I have a generic method Method<T>() and I have a list of types like below :

public static readonly Type[] AllPossibleTypes = new Type[]{
        typeof(A),
        typeof(B),
        typeof(C),
        typeof(D)
};

There are multiple place in my code that I would have to switch case and do pattern matching, then finally call each one manually e.g. Method<A> Method<B> Method<C> ... then when I decided to add more type to the list of possible type I would have to remember to fix many places in the code. Is there any approach to iterate through possible types and have it usable with generic?

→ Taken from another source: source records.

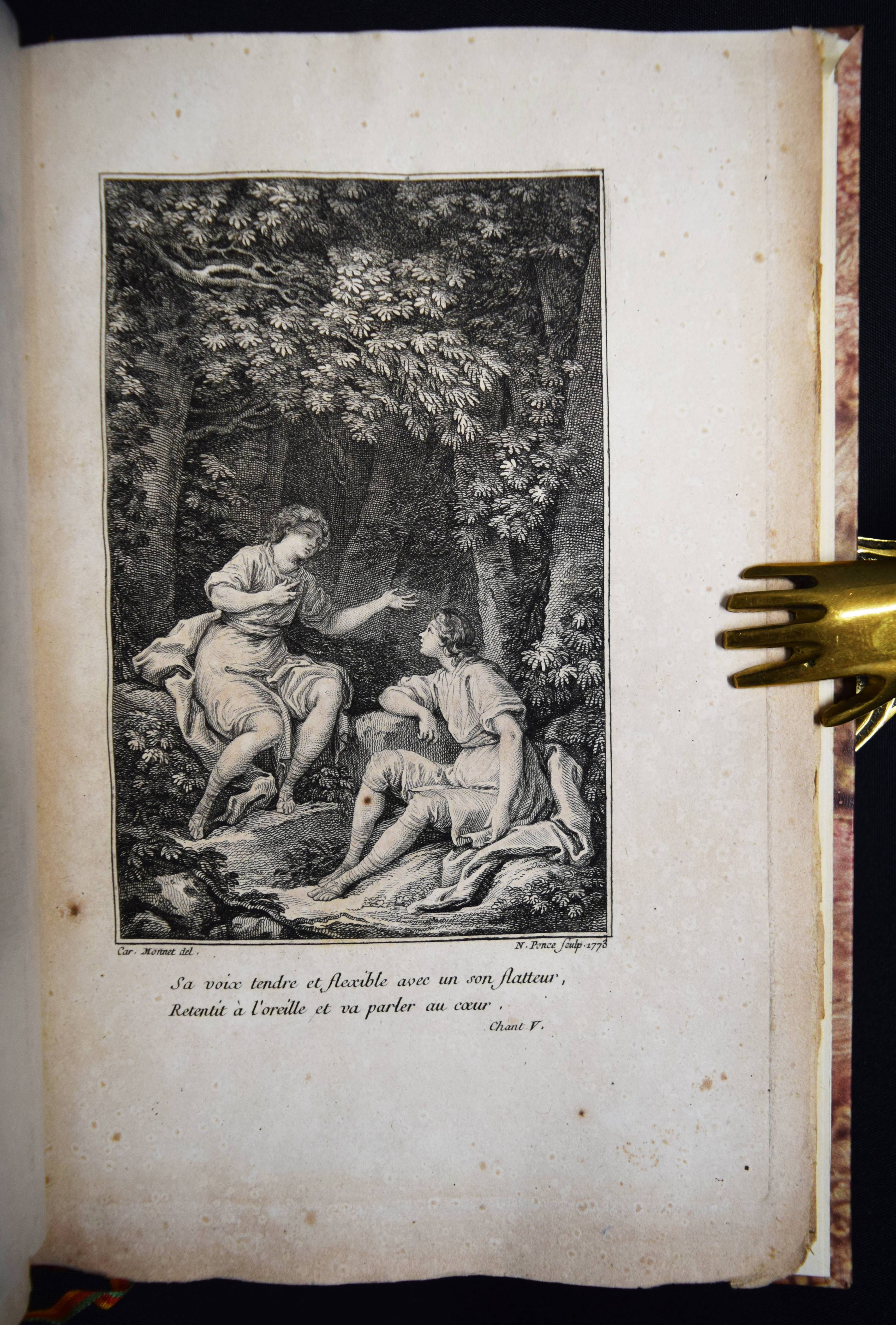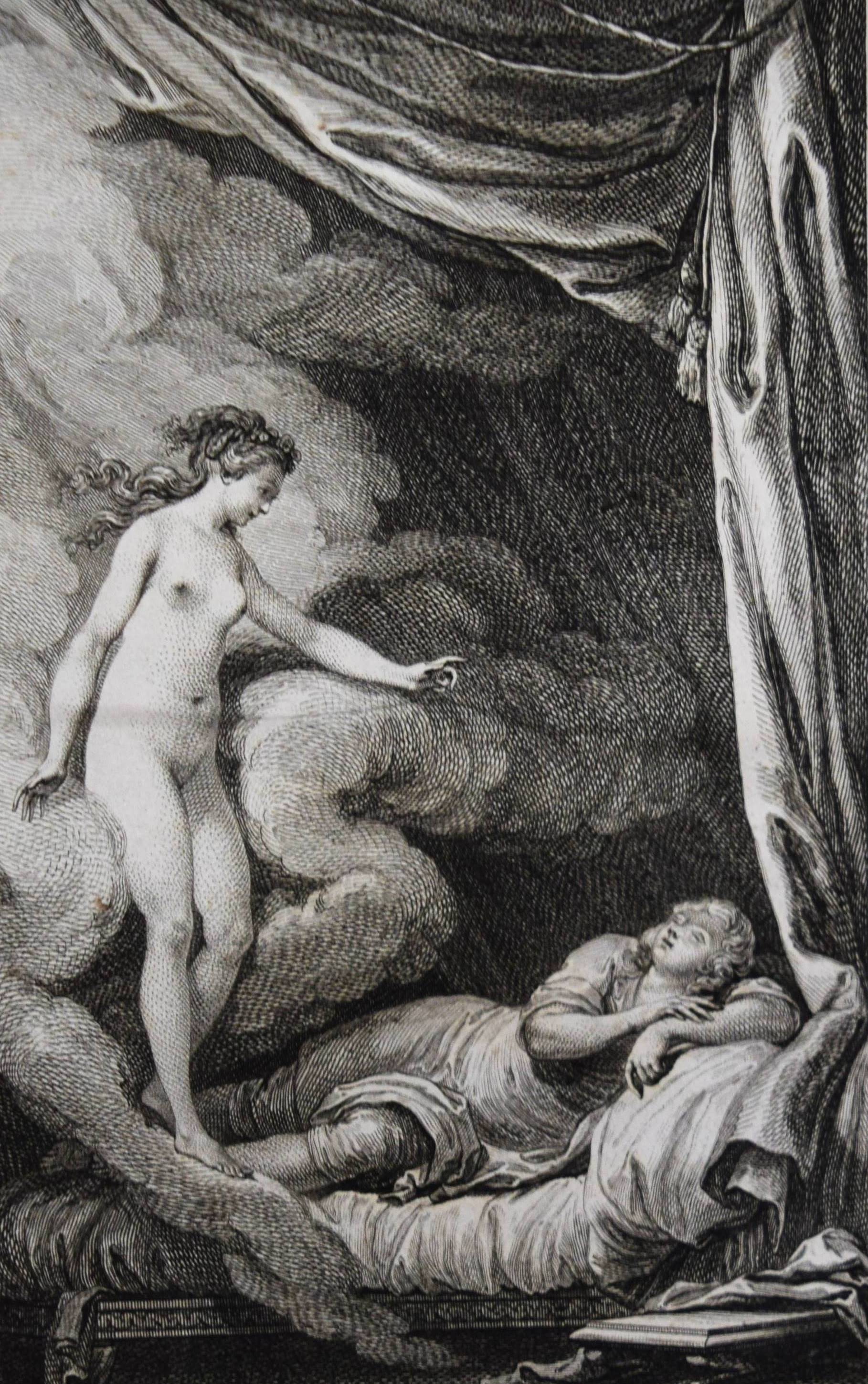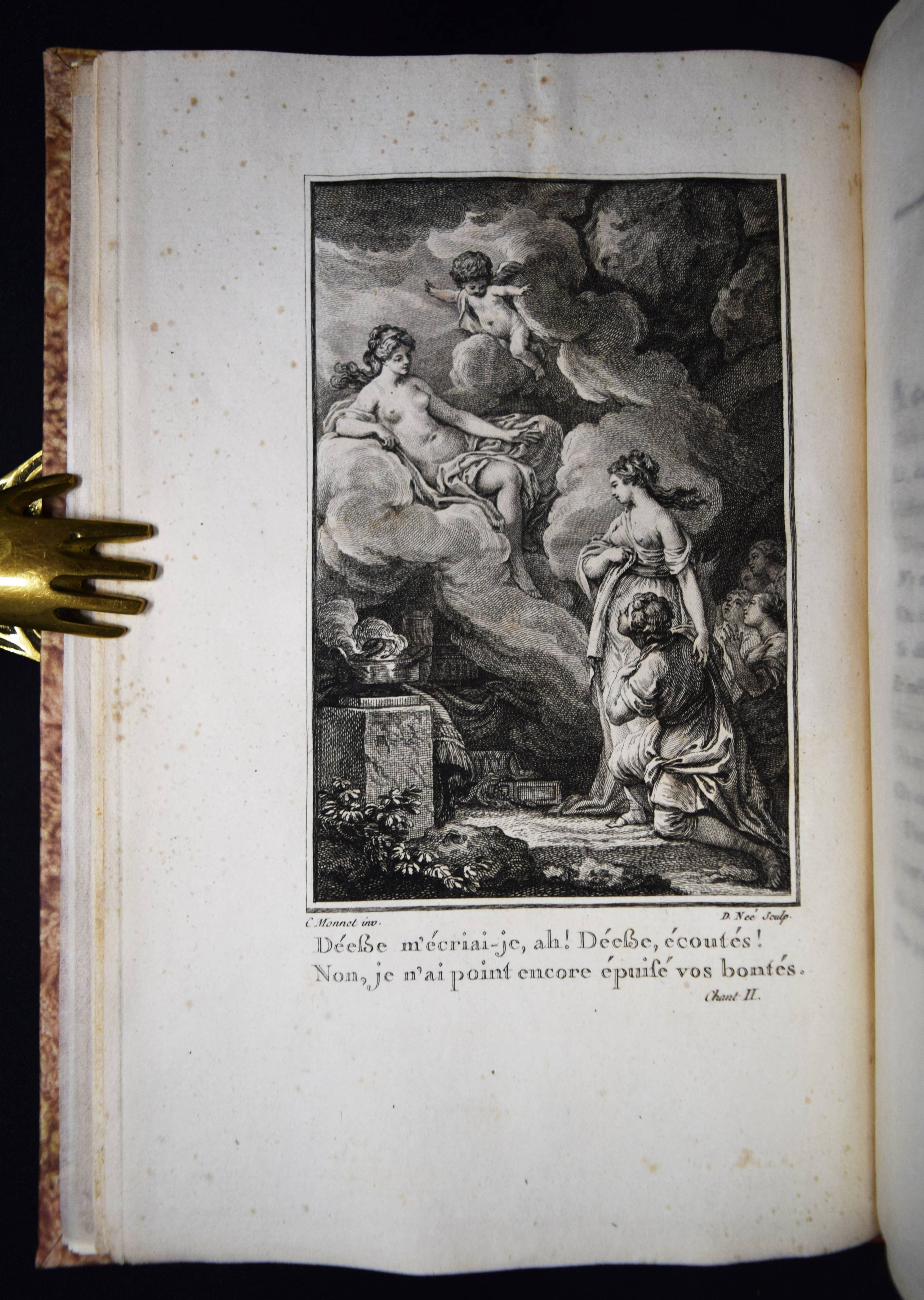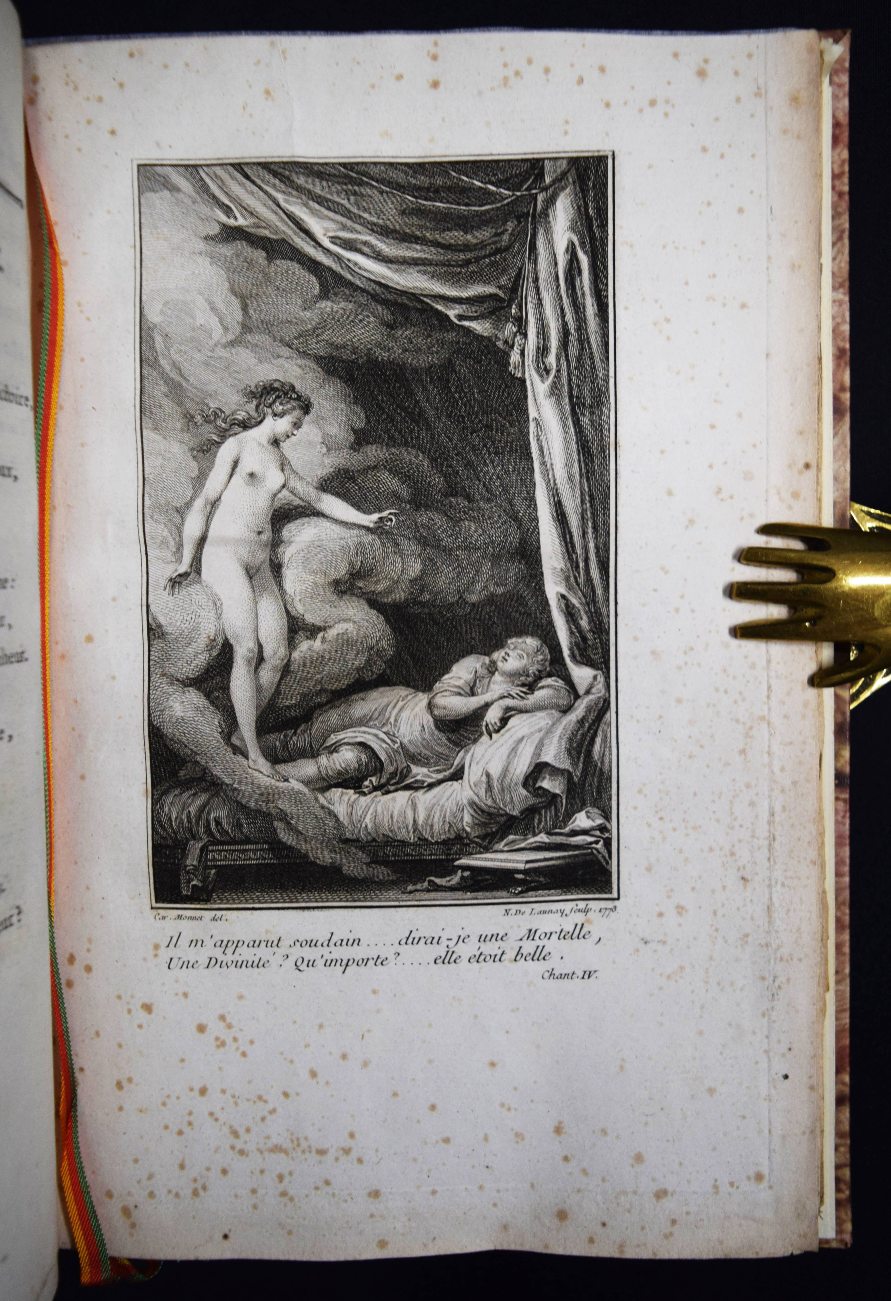 (Montesquieu, Charles de Secondat). Le temple de Gnide. Mis en vers par M. (Charles Phillip) Colardeau. Paris, Le Jay o. J. (1773). 8°. XVI, 88 S. mit gestoch. Titel mit Porträt-Medaillon und 7 Kupfertafeln von Baquoy, Delaunay, Helman, Masquelier, Née und Ponce. Moderner Halblederband mit goldgepr. Rückenvergoldung und 5 unechten Bünden. Cohen/Ricci Sp. 245. Fürstenberg 99. Sander 372. – Versfassung des Werkes von Montesquieu. Eines der seltenen Exemplare ohne Datum, bei denen die Kupfer gegen eine „″reconnaissance““ bezogen werden konnten (vgl. Cohen/R.). – Stellenweise braunfleckig und etwas gebräunt, gutes breitrandiges, seitlich und unten unbeschnittenes Exemplar.
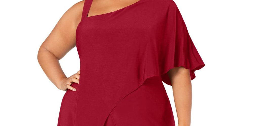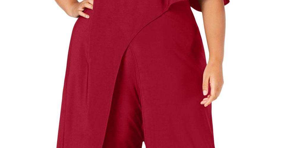 R M Richards Women's Bell Sleeve Asymmetrical Neckline Evening Wide Leg Jumpsuit Red Size 20W
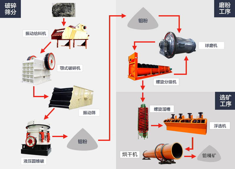 大塊的鉬礦石經料倉由振動給料機均勻地送進顎式破碎機進行粗碎;粗碎后的鉬礦石經過振動篩篩分后,由皮帶輸送機送到液壓圓錐式破碎機進行細碎;
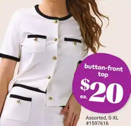 1Giant Tiger button-front top offerbutton-front topGiant Tiger$20.0025 February 202603 March 2026 View offer
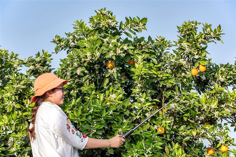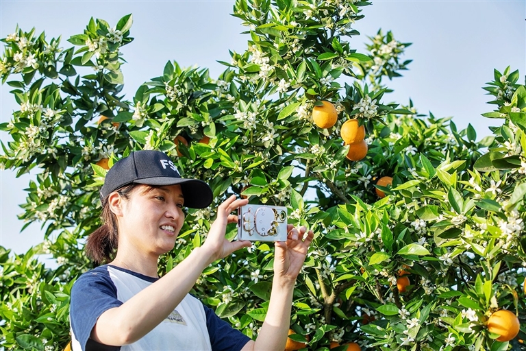橘花绽放、金果压枝……4月15日,三峡橘海再现花果同树美景,吸引众多游人前往游玩赏景。
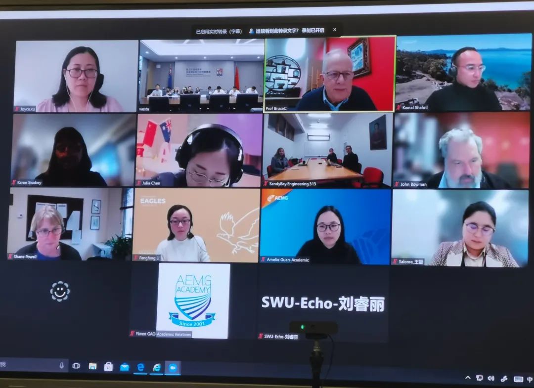 bv伟德国际1946蚕桑纺织与生物质科学公司肖波教授、周游副教授,经济管理公司黄磊副教授,西澳大学商公司经理Peter Robertson教授、副经理Nicholas Letch副教授,分子科学公司Martha Ludwig教授等人参加了bv伟德国际1946&西澳大学AAB会议;bv伟德国际1946食品科学公司付余教授,电子信息工程公司王欣副教授、张伟副教授,塔斯马尼亚大学工程公司经理Tim Finnigan教授、高级讲师Sarah Lyden博士,农业研究院John Bowman教授等人参加了bv伟德国际1946&塔斯马尼亚大学AAB会议。伟德国际VICTOR1946经理赵玉芳教授、副经理何兴教授,以及教学工作办公室、国际项目办公室全体人员参会。AEMG集团相关事务负责人参会。
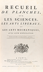 1765. LIBRO: (CIENCIAS-GRABADOS). RECUEIL DE PLANCHES, SUR LES SCIENCES, LES ARTS LIBÉRAUX, ET LES ARTS MÉCHANIQUES, AVEC LEUR EXPLICATION. TROISIEME LIVRAISON. Paris: Chez Briasson; David; Le Breton; Durand, 1765. folio mayor. Portada con marca...
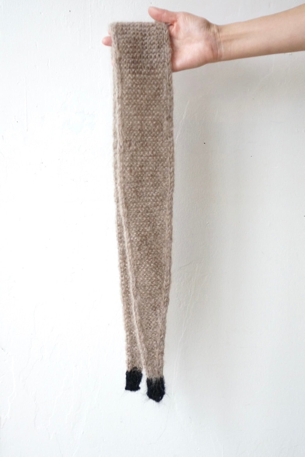 小さなマフラーは柔らかなモヘヤの毛糸で編みました。

The list of type will not change at runtime.

A B C D implements the same interface and no other type implements that interface, if that would help me achieve this goal.

public interface IToIntCompatible
{
    int ToInt();
}

public struct A : IToIntCompatible
{
    public string data;
    public int ToInt() => data.ToArray().GetHashCode();
}

public struct B : IToIntCompatible
{
    public float data;
    public int ToInt() => (int)Math.Round(data);
}

public struct C : IToIntCompatible
{
    public bool data;
    public int ToInt() => -1;
}


public class Example
{
    /// <summary>
    /// I wish I can add type D in the future without having to touch PlaceA and PlaceB
    /// </summary>
    public static readonly Type[] allTypes = new Type[] { typeof(A), typeof(B), typeof(C) };

    /// <summary>
    /// Cannot modify this function.
    /// </summary>
    private void Save<T>(T data) where T : struct { }

    public void PlaceA(IToIntCompatible input)
    {
        switch (input)
        {
            case A a: Save<A>(a); break;
            case B b: Save<B>(b); break;
            case C c: Save<C>(c); break;
        }
    }

    public void PlaceB(IToIntCompatible input)
    {
        switch (input)
        {
            case A a: Save<A>(a); break;
            case B b: Save<B>(b); break;
            case C c: Save<C>(c); break;
        }
    }
}

Answer 1

"A B C D implements the same interface and no other type implements that interface, if that would help me achieve this goal."

¿Has this interface implements your Method? If not you'll need to add this method to this interface or use a new one.

Edited with last update:

public interface IToIntCompatible
{
    int ToInt();
}

public interface ISaveCompatible
{
    void Save();
}

public struct A : IToIntCompatible, ISaveCompatible
{
    public string data;

    public void Save()
    {
        // save function for A type
    }

    public int ToInt() => data.ToArray().GetHashCode();
}

public struct B : IToIntCompatible, ISaveCompatible
{
    public float data;

    public void Save()
    {
        // save function for B type
    }

    public int ToInt() => (int)Math.Round(data);
}

public struct C : IToIntCompatible
{
    public bool data;
    public int ToInt() => -1;
}


public class Example
{
    public void Place(ISaveCompatible input)
    {
        input.Save();
    }
}

You don't need generics for this solution.

Answer 2

I think this does the job:

public class Example
{
    /// <summary>
    /// Cannot modify this function.
    /// </summary>
    private void Save<T>(T data) where T : struct { }

    public void PlaceA(IToIntCompatible input)
    {
        typeof(Example)
            .GetMethod("Save")
            .MakeGenericMethod(input.GetType())
            .Invoke(this, new object[] { input });
    }

    public void PlaceB(IToIntCompatible input)
    {
        typeof(Example)
            .GetMethod("Save")
            .MakeGenericMethod(input.GetType())
            .Invoke(this, new object[] { input });
    }
}

Answer 3

You have to use reflection to call generic methods with dynamic choosen type argument.

typeof(Example).GetMethod("Save").MakeGeneric(input.GetType()).Invoke(this, new object[]{input});

Answer 4

One option to consider is dynamic typing:

public void PlaceA(IToIntCompatible input)
{
    Save((dynamic) input);
}

That will perform generic type inference for you, as if you'd specified the actual execution-time type of input.

It's equivalent to writing the reflection-based code, but much simpler code. I'm not a big fan of using dynamic typing, but if you genuinely can't change anything else, it may be the simplest solution here.